### What the exercise asks
The required answer is the run of lines from the one holding "PREMIER STADE Des dents saines" to the end of the data below, copied exactly and free of pictures.

┌─ Data for review

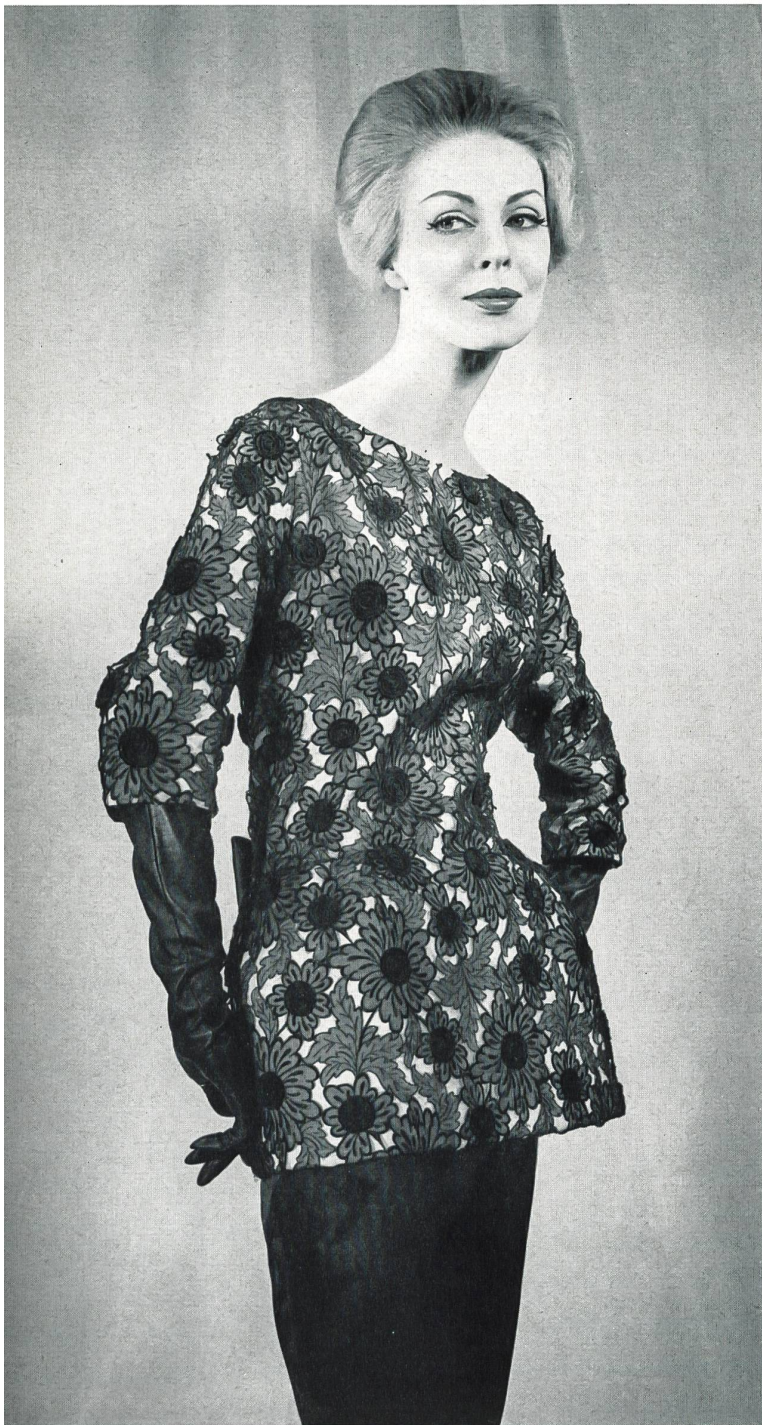
PIERRE CARDIN Organdi brodé nouveauté avec applications de Union S. A., Saint-Gall Grossiste à Paris : Robert Burg & Cie
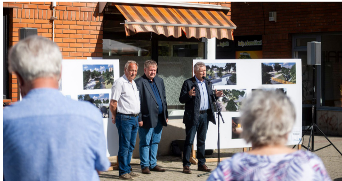
Most már valóban nagy dolgok vannak készülöben

A projekt a Széchenyi Terv Plusz program TOP_PLUSZ-1.2.3-21-VE1 Belterületi utak fejlesztése tárgyú felhívás keretében valósul meg. A támogatás forrását az Európai Regionális Fejlesztési Alap és Magyarország költségvetése társfinanszírozásban biztosítja.
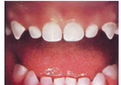
PREMIER STADE Des dents saines
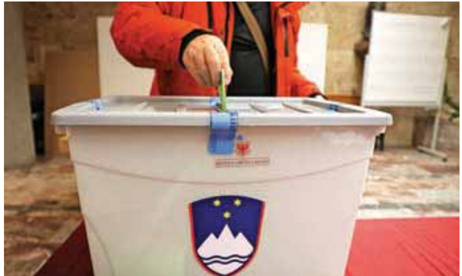
Ker je za sedemčlanski Svet KS Vodovodni stolp novembra kandidiralo le šest kandidatov, bodo januarja izvedli naknadne volitve za sedmega člana.
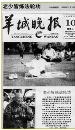
左上：1998 年北京法轮功学员晨炼。这样的炼功场面 1999 年 7 月前在中国城市乡村随处可见。
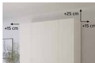
Für die Montage des Schrankes wird folgender Platz benötigt: Schrankhöhe + mind. 25 cm, Schrankbreite + mind. je 15 cm an beiden Seiten.
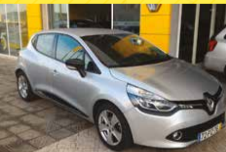
RENAULT CLIO DYNAMIQUE S 1.5 DCI 90 CV 2015..... 14.750,00€
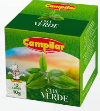
CÓD: 1466 - CHÁ VERDE - 10g CX: 12X10g - EAN: 7 896547 906171
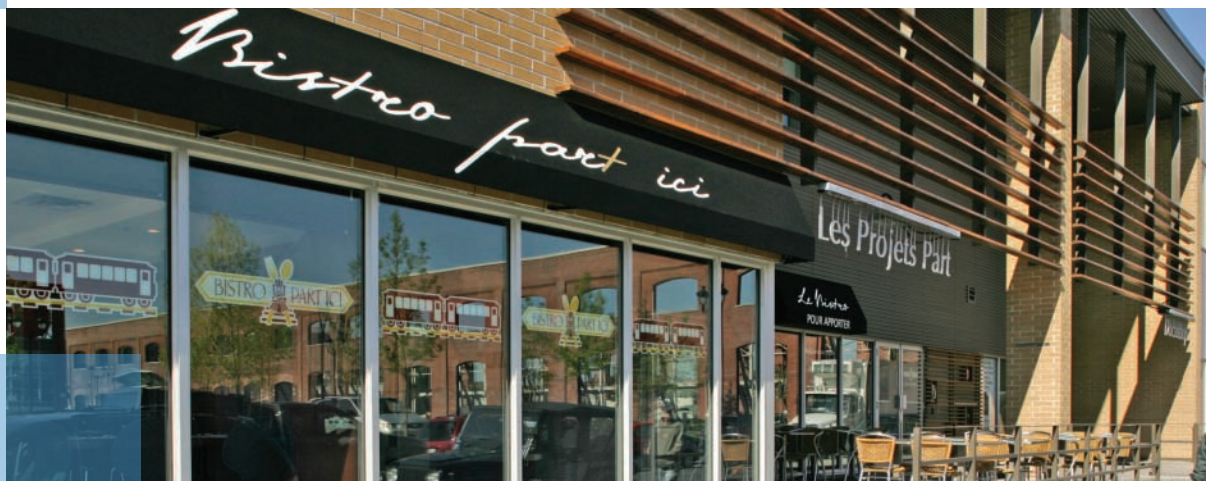
Bistro PART ici

└─

### Answer
PREMIER STADE Des dents saines
Ker je za sedemčlanski Svet KS Vodovodni stolp novembra kandidiralo le šest kandidatov, bodo januarja izvedli naknadne volitve za sedmega člana.
左上：1998 年北京法轮功学员晨炼。这样的炼功场面 1999 年 7 月前在中国城市乡村随处可见。
Für die Montage des Schrankes wird folgender Platz benötigt: Schrankhöhe + mind. 25 cm, Schrankbreite + mind. je 15 cm an beiden Seiten.
RENAULT CLIO DYNAMIQUE S 1.5 DCI 90 CV 2015..... 14.750,00€
CÓD: 1466 - CHÁ VERDE - 10g CX: 12X10g - EAN: 7 896547 906171
Bistro PART ici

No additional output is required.